I had my usual inclination to go forward and explain to everybody how it all had happened. But Royale took me forcibly by the arm, and we turned our backs on Strepp and Forister and walked toward the inn.
As soon as we were out of their sight, Colonel Royale clasped my hands with rapture. "My boy," he cried, "you are great! You are renowned! You are illustrious! What a game you could give Ponsonby! You would give him such a stir!"
"Never doubt me," said I. "But I am now your legitimate grandfather, and I should be treated with great respect."
When we came near the inn I began to glance up at the windows. I surely expected to see a face at one of them. Certainly she would care to know who was slain or who was hurt. She would be watching, I fondly hoped, to see who returned on his legs. But the front of the inn stared at us, chilly and vacant, like a prison wall.

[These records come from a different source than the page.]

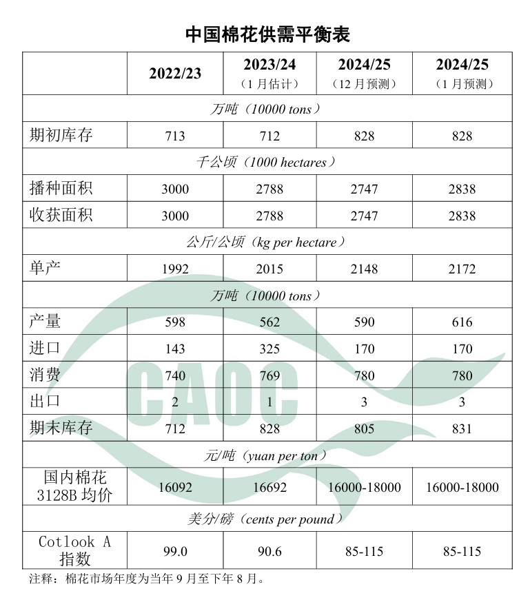 2024/25年度棉花生產(chǎn)預(yù)測(cè)數(shù)據(jù)根據(jù)國(guó)家統(tǒng)計(jì)局公告進(jìn)行調(diào)整,棉花播種面積調(diào)至2838.3千公頃,比上年增1.8%;單位面積產(chǎn)量調(diào)至每公頃2171.6公斤,比上年增7.8%;總產(chǎn)量調(diào)至616.4萬(wàn)噸,比上年增9.7%。本月進(jìn)口量和消費(fèi)量預(yù)測(cè)數(shù)據(jù)維持上月不變,期末庫(kù)存調(diào)增至831萬(wàn)噸。春節(jié)前紡織廠剛需補(bǔ)庫(kù),皮棉加工銷(xiāo)售進(jìn)度較快,據(jù)國(guó)家棉花市場(chǎng)監(jiān)測(cè)系統(tǒng)數(shù)據(jù),截至1月2日,全國(guó)皮棉加工率為94.4%,同比下降0.4個(gè)百分點(diǎn),銷(xiāo)售率為27.7%,同比提高7.9個(gè)百分點(diǎn)。
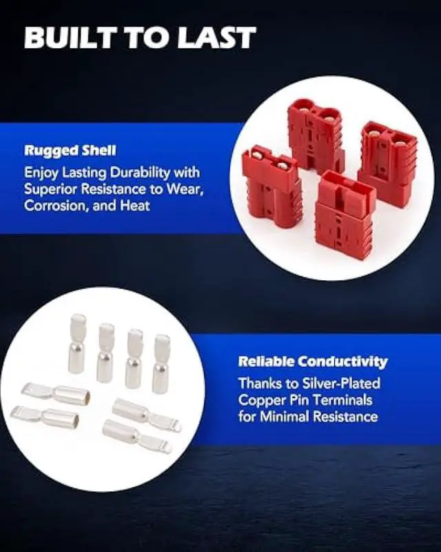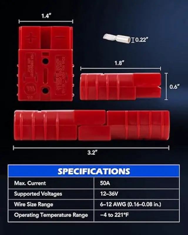 WIRE CONNECTOR PACK: This handy electrical wire connection set from OMT includes 4 clearly marked plugs that let you patch and disconnect 6 to 12 gauge ( 0.08 - 0.16 ) wire pathways from 12V, 24V, or 36V batteries, supporting currents up to 50 amps
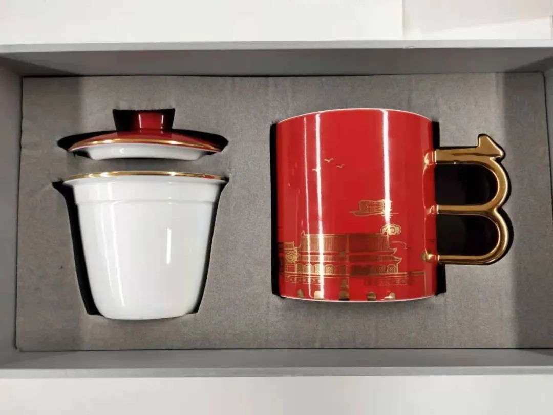 该款咖啡杯碟套装传递了匠人“完美无缺” 的美意,其纹饰源自上海博物馆馆藏的釉里红花卉纹菱口杯托和大都会艺术博物馆馆藏的马约里卡陶盘。
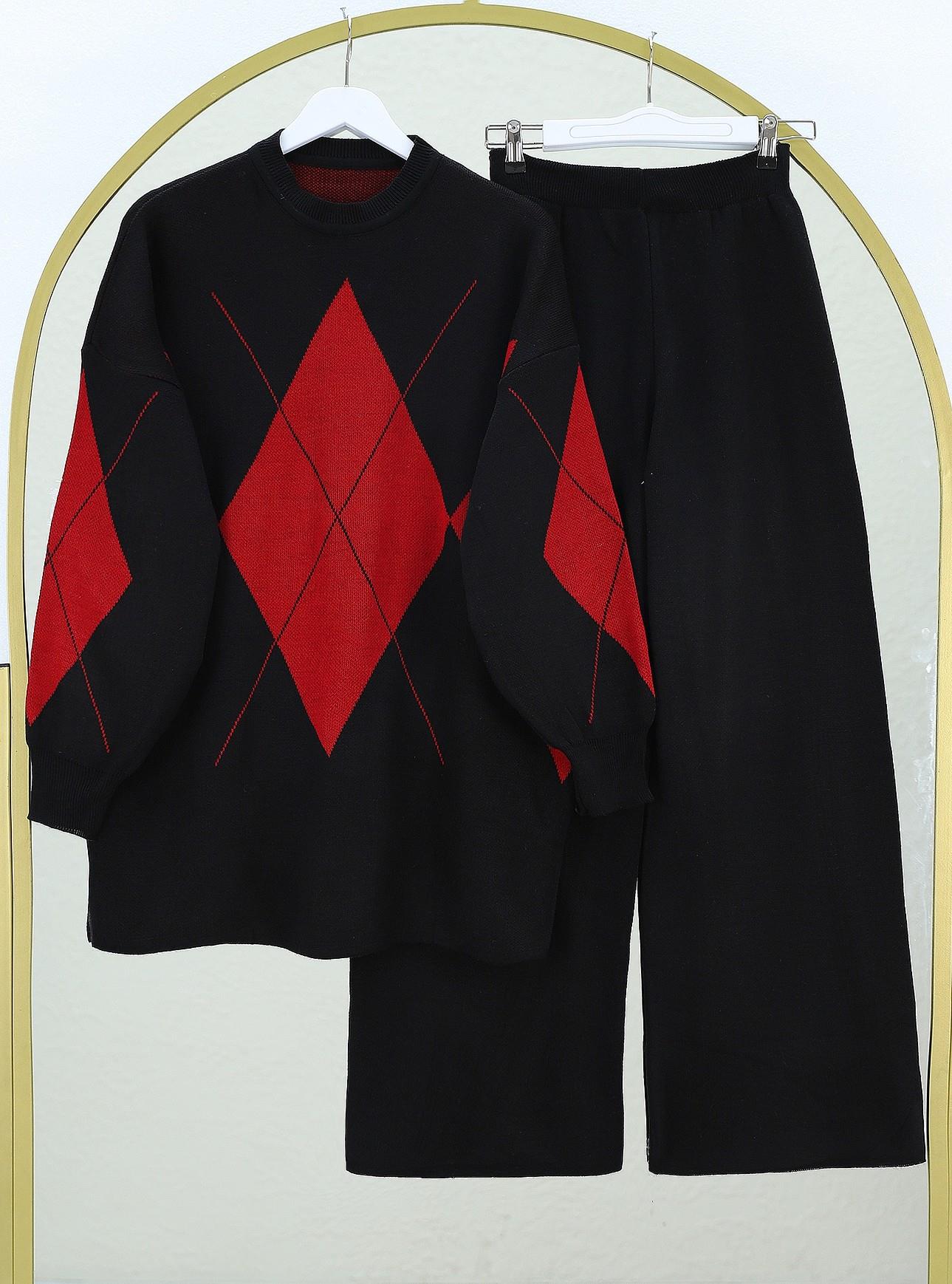 Baklava Desen Yuvarlak Yaka Triko Takım -Siyah (295-3405-R01)
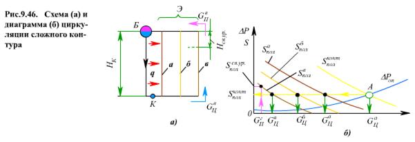 Построим диаграмму циркуляции простого варианта сложного контура (рис.9.46а), состоящего из опускных труб и трех рядов подъемных труб, введенных непосредственно в барабан выше уровня воды. Ряды труб имеют разную интенсивность обогрева: ряд б - средний тепловой поток qБ = qСР, ряд а - сильнообогреваемый (qа > qСР ), ряд в - слабообогреваемый (qВ < qСР).
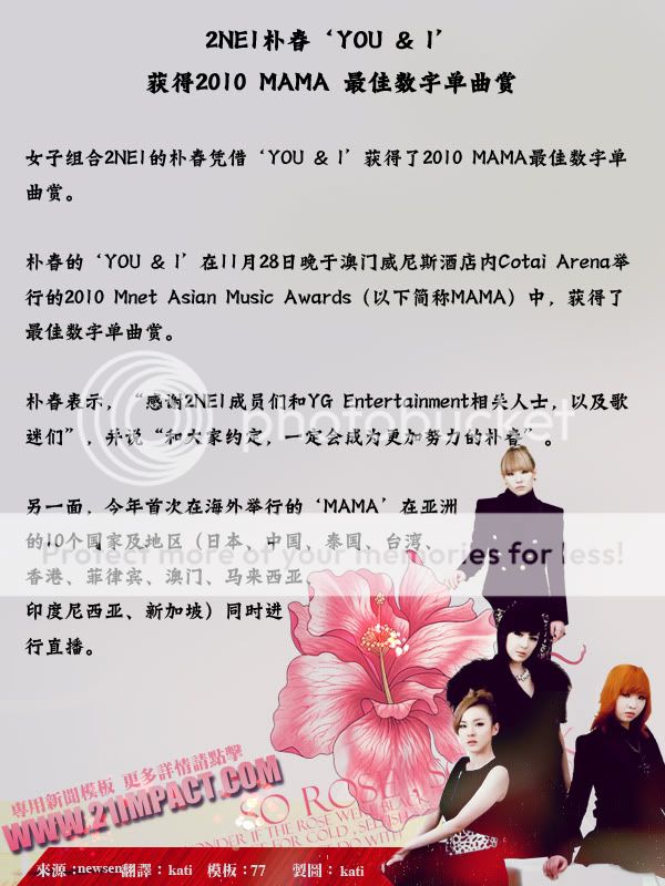 2NE1朴春‘YOU & I’获得2010 MAMA 最佳数字单曲赏

When we entered, the Colonel bawled lustily for an immediate bottle of wine, and I joined him in its drinking, for I knew that it would be a bellows to my flagging spirits. I had set my heart upon seeing a face at the window of the inn.
CHAPTER X
nd now I found out what it was to be a famous swordsman. All that day the inn seemed to hum with my name. I could not step down a corridor without seeing flocks of servants taking wing. They fled tumultuously. A silly maid coming from a chamber with a bucket saw me and shrieked. She dropped her bucket and fled back into the chamber. A man-servant saw me, gave a low moan of terror, and leaped down a convenient stairway. All attendants scuttled aside.